_TASK OBJECTIVE_
Leave the pictures out and write out exactly the lines from the top of the entries through the line containing "LOT: 44002849 VIN: JTHBJ46G272083915".

Stored data entries
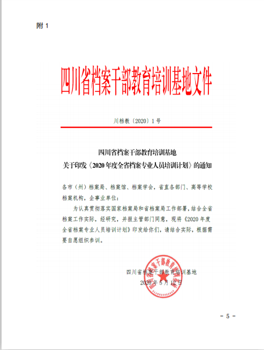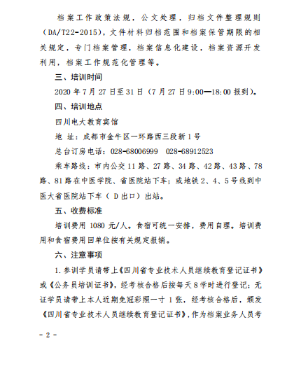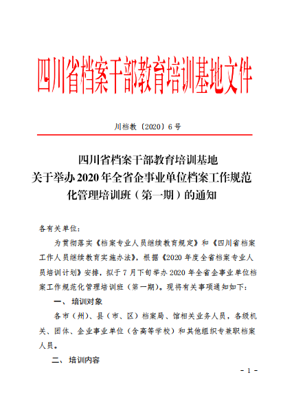 四川省档案干部教育培训基地关于举办2020年全省项目档案业务能力提升班的通知
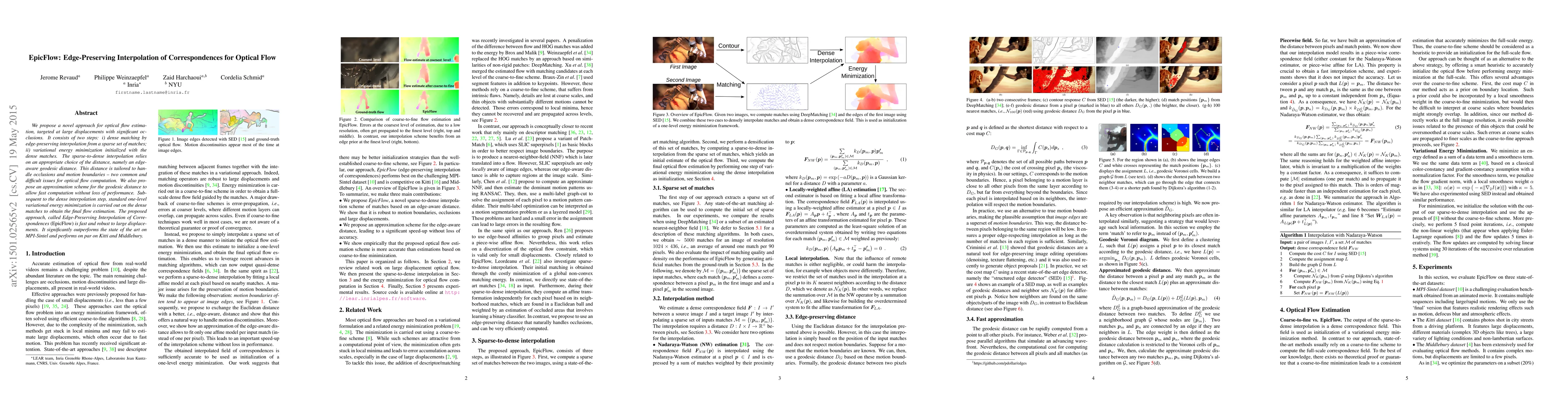 The paper introduces EpicFlow, a novel method for optical flow estimation that handles large displacements and occlusions through edge-preserving interpolation from sparse matches and variational energy minimization. It employs an edge-aware geodesic distance for robust interpolation and outperforms existing methods on benchmark datasets.
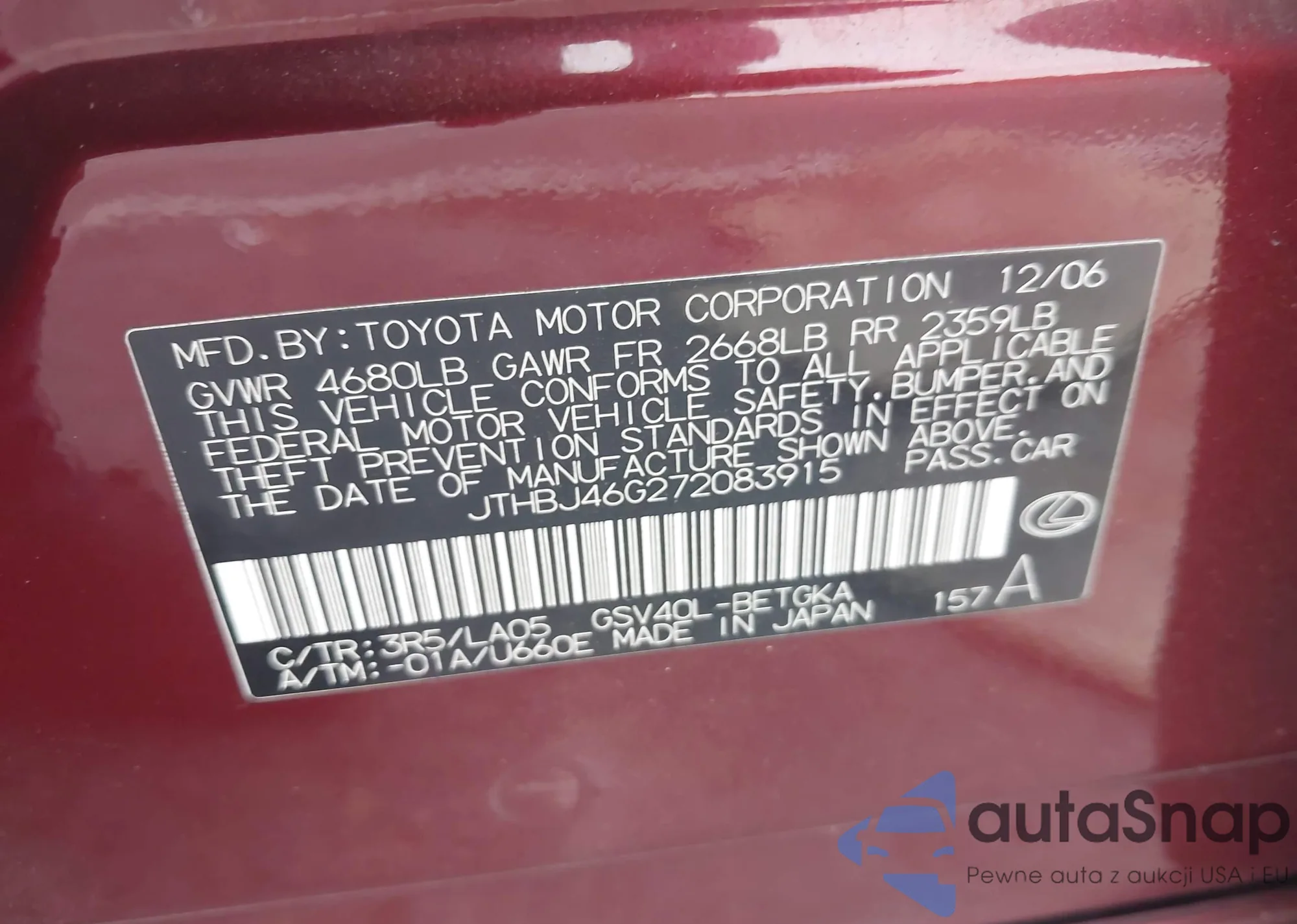 LOT: 44002849 VIN: JTHBJ46G272083915
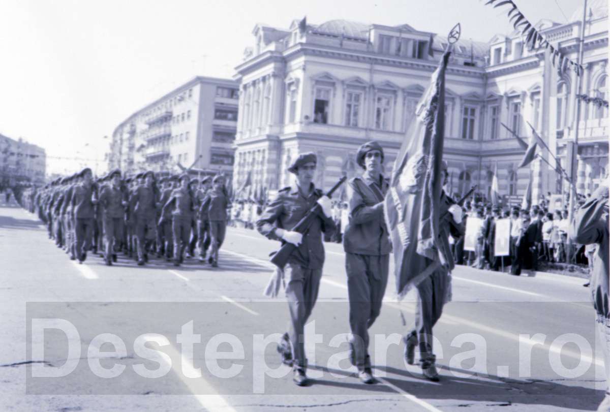 La ora 8,30, în tribuna centrală au luat loc membrii Biroului Comitetului județean de partid, ai Comitetului executiv al Consiliului popular județean, conducătorii organelor municipale de partid și de stat, invitați. în timp ce fanfara intonează Imnul de stat al Republicii Socialiste România, se trag 21 de salve de artilerie. A început, apoi, parada militară.
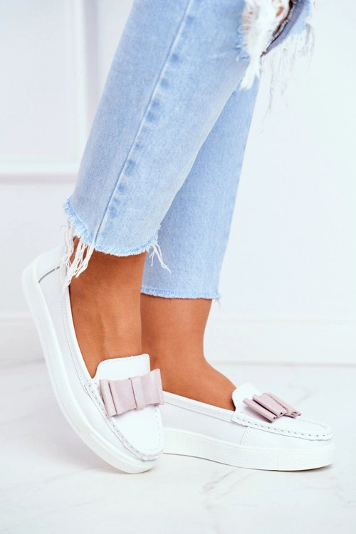 Mokasyny Damskie Skórzane Biało Różowe Lovren

_RESPONSE TO THE TASK_
 四川省档案干部教育培训基地关于举办2020年全省项目档案业务能力提升班的通知
 The paper introduces EpicFlow, a novel method for optical flow estimation that handles large displacements and occlusions through edge-preserving interpolation from sparse matches and variational energy minimization. It employs an edge-aware geodesic distance for robust interpolation and outperforms existing methods on benchmark datasets.
 LOT: 44002849 VIN: JTHBJ46G272083915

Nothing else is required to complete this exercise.